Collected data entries

——

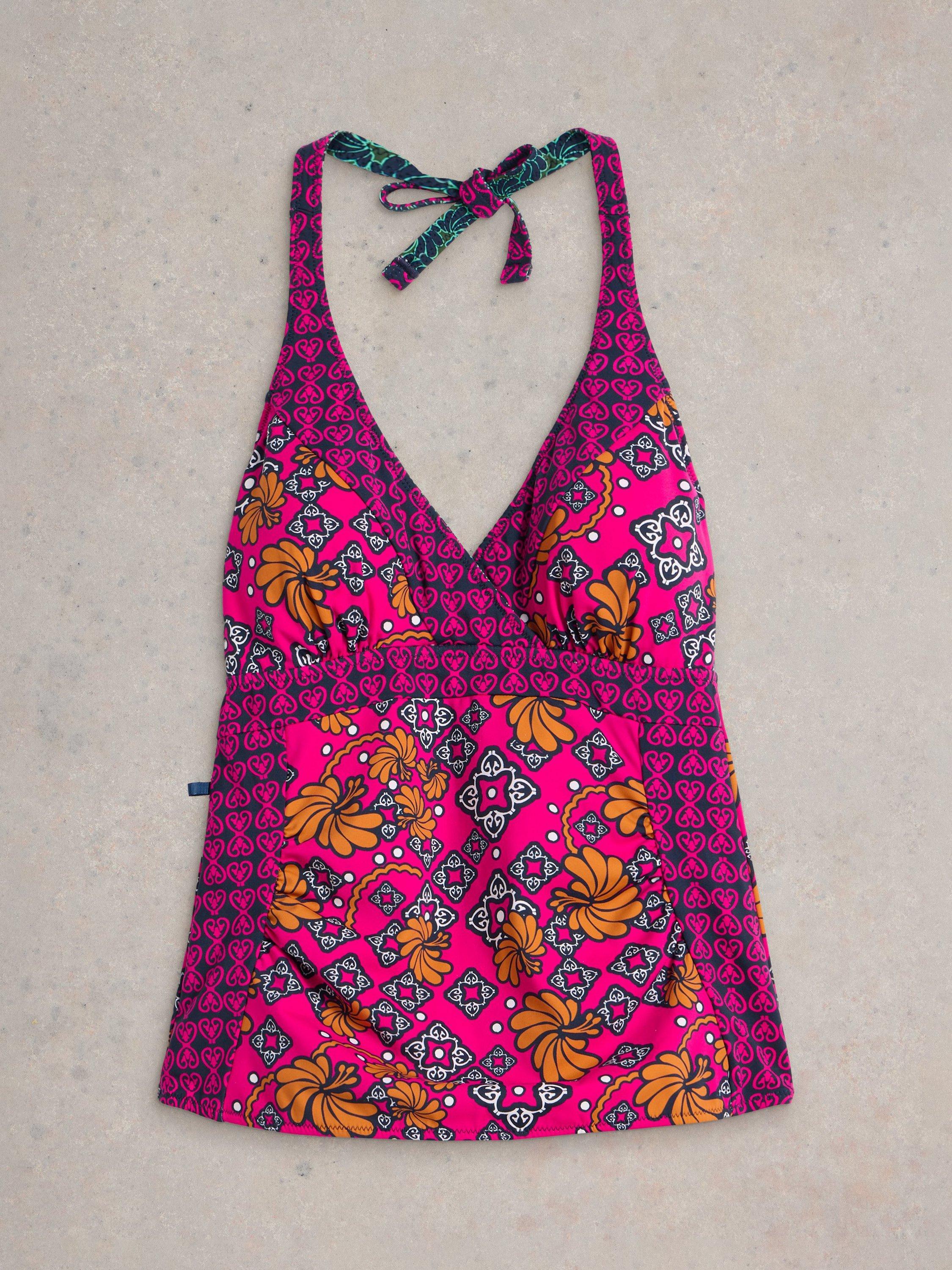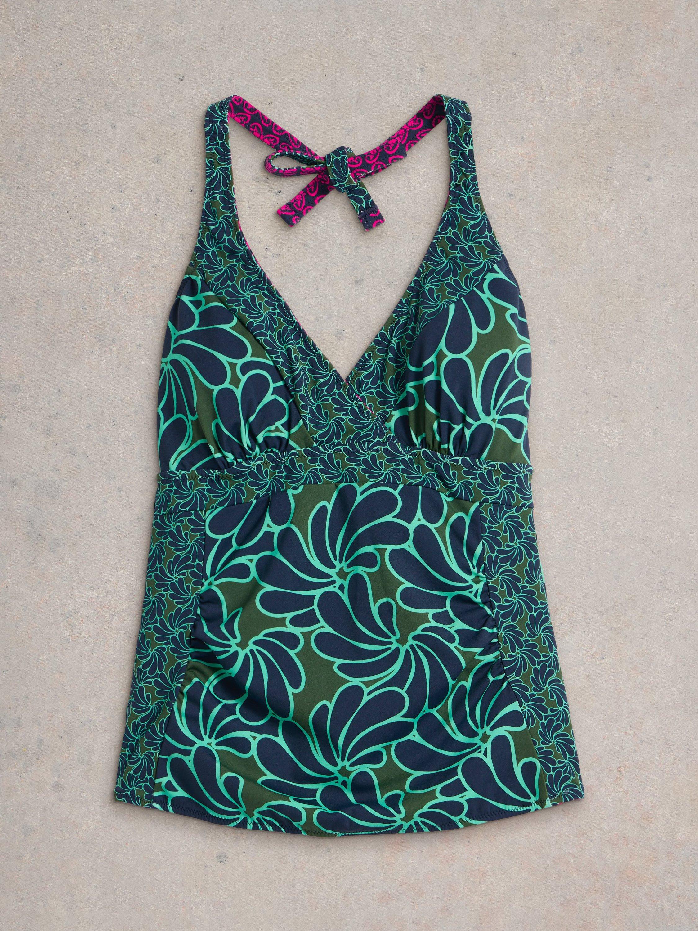 Printed with florals for a summery feel, this ruched reversible tankini top from White Stuff is designed with a flattering halter neckline. Team yours with the corresponding bottoms or mix and match with contrasting colours for a truly unique look.
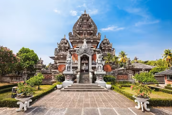 Demikian juga dengan menara sudut yang tersebar di kompleks wisata museum ini. Di bagian depan, terdapat sebuah taman yang mana taman dan bangunan ini dibuat dengan tema cerita Ramayana.
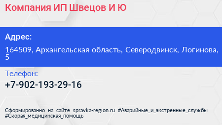Компания, ИП Швецов И.Ю. по адресу 164509, Архангельская область, Северодвинск, Логинова, 5 в дальнейшем Организация, размещена в следующих категориях:
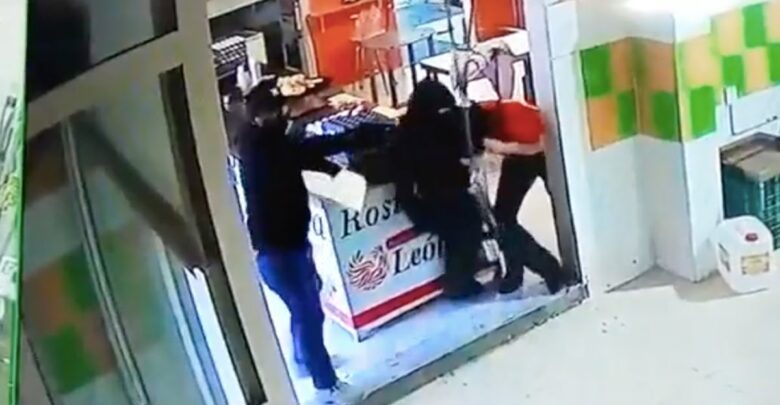 Esta escena también fue apreciada por una persona que al parecer sale de otro local, ya que se alcanza a ver que usa un delantal blanco, sin embargo regresa corriendo al sitio de donde salió.
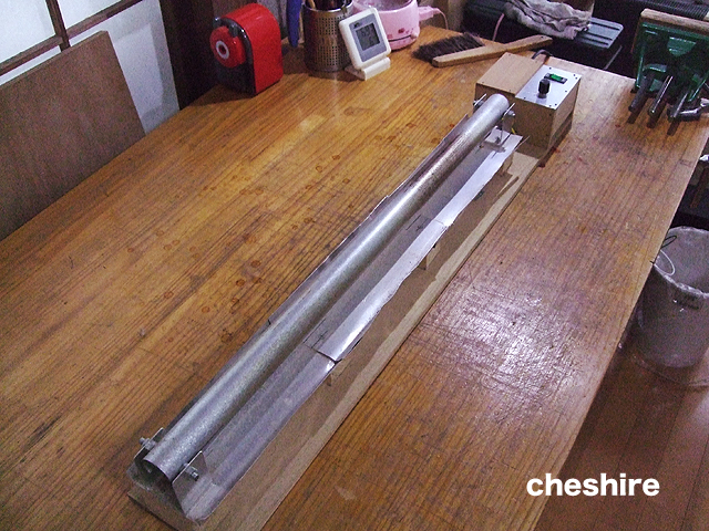 リュートやバロックギターなど作っていると黒檀のべニアをネックに巻く作業が出てくるのですが,市販のベンディングアイロンでは長さが足りず困っていたため,ベンディングアイロンも自作しております。名づけて「スーパーロングベンディングアイロン」。(なんと650mm長!)オーブントースターのヒーターと調光器のキットを組み合わせて作りました。
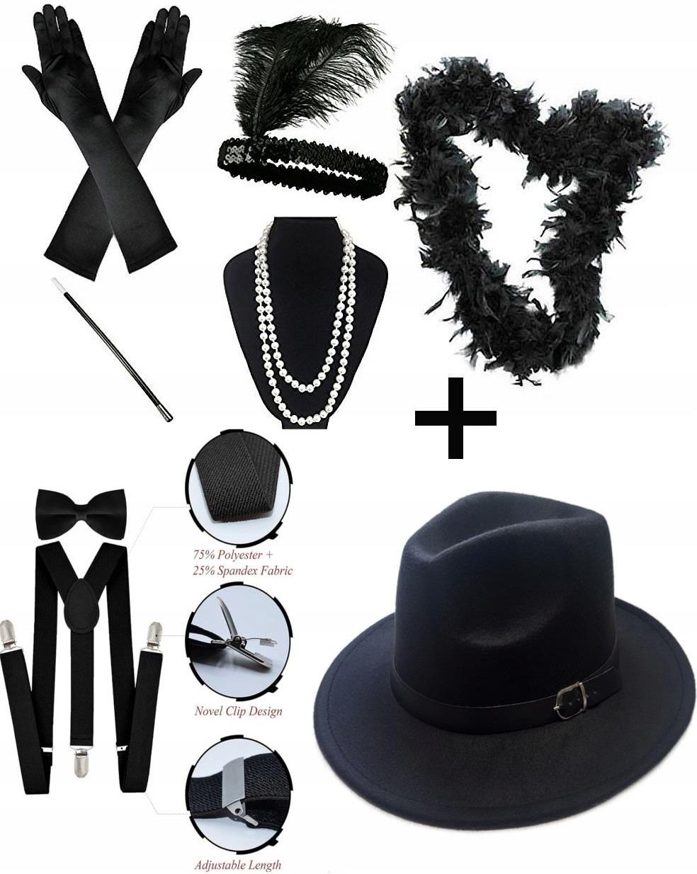 komplet na impreze dla kobiety i mężczyzny w skłąd wchodzą: dla kobiety: opaska z piórkiem - charlestone szal boa rękawiczki naszyjnik cygaretka dla mężczyzny: kapelusz gruby z dużym rondem obwód 57-58 szelki z klipsame metalowym muszka

——

** WORK TASK **
Pictures stay out. Repeat only the lines from the beginning of the data through the line that has "Esta escena también".

** SOLUTION TO THE PROBLEM **
 Printed with florals for a summery feel, this ruched reversible tankini top from White Stuff is designed with a flattering halter neckline. Team yours with the corresponding bottoms or mix and match with contrasting colours for a truly unique look.
 Demikian juga dengan menara sudut yang tersebar di kompleks wisata museum ini. Di bagian depan, terdapat sebuah taman yang mana taman dan bangunan ini dibuat dengan tema cerita Ramayana.
Компания, ИП Швецов И.Ю. по адресу 164509, Архангельская область, Северодвинск, Логинова, 5 в дальнейшем Организация, размещена в следующих категориях:
 Esta escena también fue apreciada por una persona que al parecer sale de otro local, ya que se alcanza a ver que usa un delantal blanco, sin embargo regresa corriendo al sitio de donde salió.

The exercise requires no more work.